◆ Requirement
Your copy should hold only the lines from the one with "Türkisblaues Herz Hochzeitsweinflaschen" to the one with "Ce charmant ensemble", both included, each exactly as it stands below, with no pictures.
*** Opening of Materials provided ***
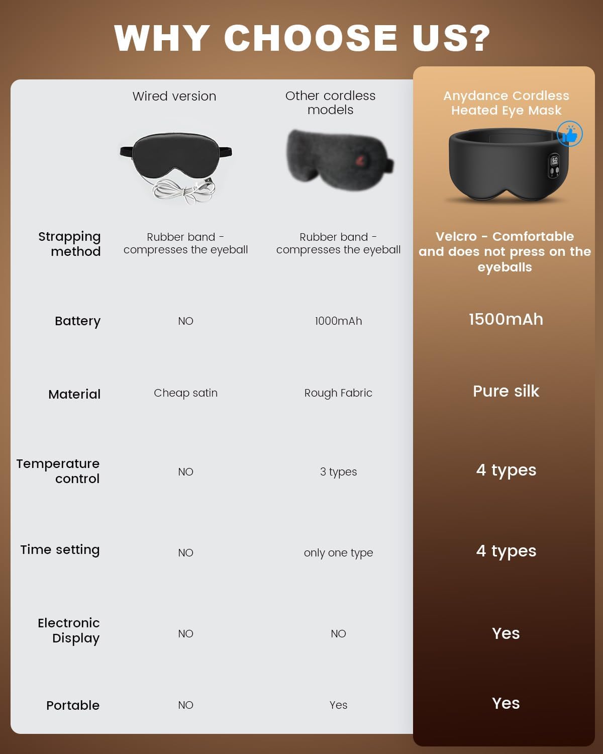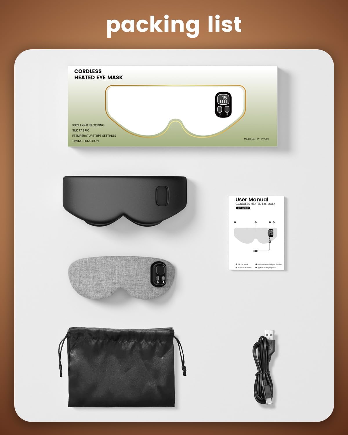 【True Cordless Freedom】Our heated eye mask goes beyond traditional wired design, saying goodbye to tangled cables and restraints. The 1500mAh battery provides up to 90 minutes of soothing warmth after a 1.5-hour charge. Whether traveling, taking a nap in the office, or using it before bed, you can enjoy heat therapy anytime, anywhere to relieve eye fatigue.
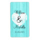 Türkisblaues Herz Hochzeitsweinflaschen Etiketten. Personalisierte Weinetiketten mit verwittertem Holzpaneel und Vintagem Herz. Stilvolle Skripttypografie für Namen von Braut und Bräutigam. Verwenden Sie als klassische Tischdekoration oder danken Sie für die Gäste des Party. Enthält Name oder Monogramm plus Heiratsdatum. Romantisches Landchic Design mit rustikalem Druck. Auch gut für Hochzeiten zum Thema Strand.
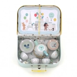 Ce charmant ensemble comprend 14 pièces illustrées par Sarah Betz, évoquant l’ambiance de Paris grâce à des couleurs et motifs délicats. Le set inclut un plateau, une théière et quatre tasses avec soucoupes, idéal pour des goûters-thé ludiques. Grâce à la valisette pratique, vous pouvez transporter facilement le set et l’utiliser même en voyage.
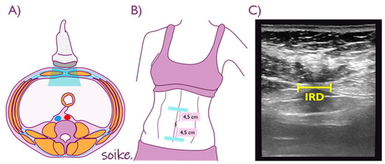 - Whittaker, J.L.; Warner, M.B.; Stokes, M. Comparison of the sonographic features of the abdominal wall muscles and connective tissues in individuals with and without lumbopelvic pain. J. Orthop. Sports Phys. Ther. 2013, 43, 11–19. [Google Scholar] [CrossRef] [PubMed]
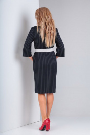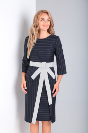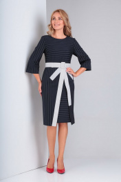 Деловое платье с отрезной талией, бантом и полоской Gamma Gracia 328 чернильный-полоска
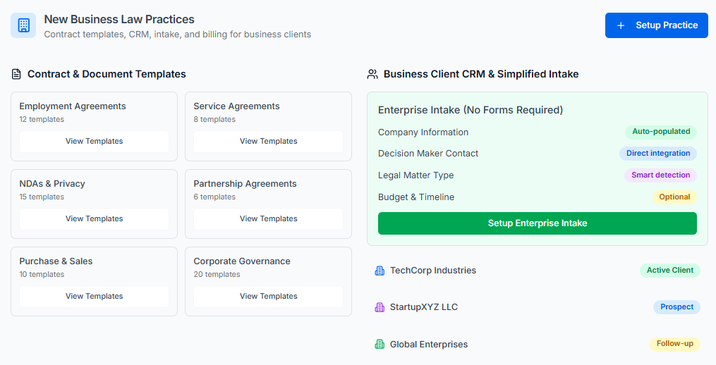 For startup firms in corporate and business law, we offer pre-configured templates that reduce the time, cost, and risk of starting from scratch.
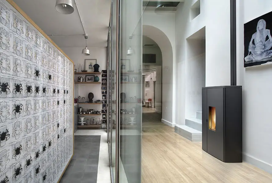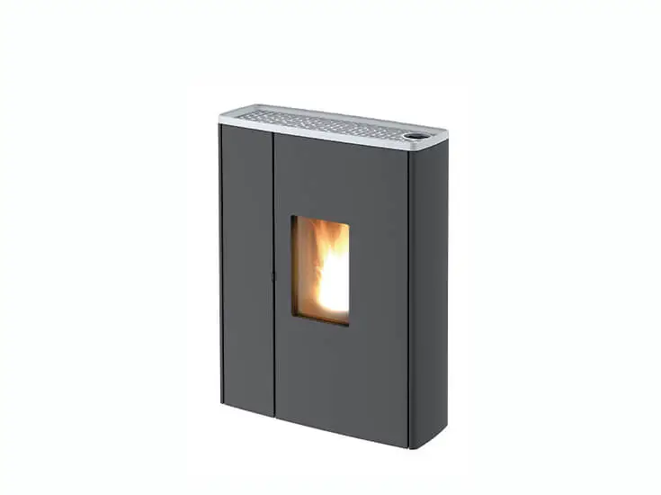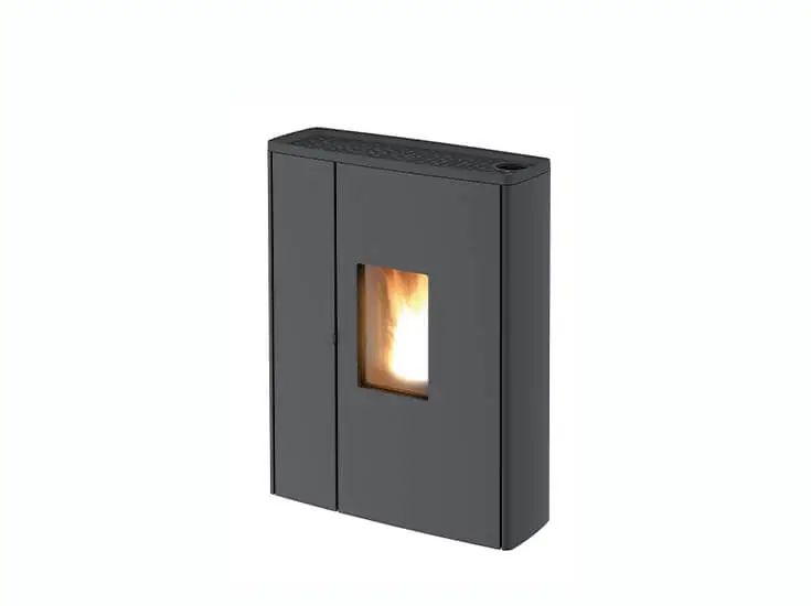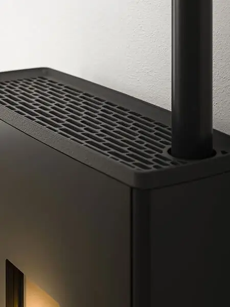 Kanalisierbarer Pelletofen, der, dank der geringen, mit einem Heizkörper vergleichbaren Tiefe von 30 cm, besonders für Flure und Räume mit wenig Platz geeignet ist. Auf der extrem geradlinigen, schwarz lackierten Vorderseite aus Stahl, befindet sich rechts die Feuerstelle und links eine Tür zum Pelletbehälter. Die Abdeckplatte punktet durch ein originelles geometrisches Muster und ist in Gußeisen, schwarz lackiert oder in der Endverarbeitung Aluminium, erhältlich. Mit Rauchabzug an der Rückseite oder auf der Topplatte (Version UP!) erhältlich.
*** Close of Materials provided ***
◆ Task response
 Türkisblaues Herz Hochzeitsweinflaschen Etiketten. Personalisierte Weinetiketten mit verwittertem Holzpaneel und Vintagem Herz. Stilvolle Skripttypografie für Namen von Braut und Bräutigam. Verwenden Sie als klassische Tischdekoration oder danken Sie für die Gäste des Party. Enthält Name oder Monogramm plus Heiratsdatum. Romantisches Landchic Design mit rustikalem Druck. Auch gut für Hochzeiten zum Thema Strand.
 Ce charmant ensemble comprend 14 pièces illustrées par Sarah Betz, évoquant l’ambiance de Paris grâce à des couleurs et motifs délicats. Le set inclut un plateau, une théière et quatre tasses avec soucoupes, idéal pour des goûters-thé ludiques. Grâce à la valisette pratique, vous pouvez transporter facilement le set et l’utiliser même en voyage.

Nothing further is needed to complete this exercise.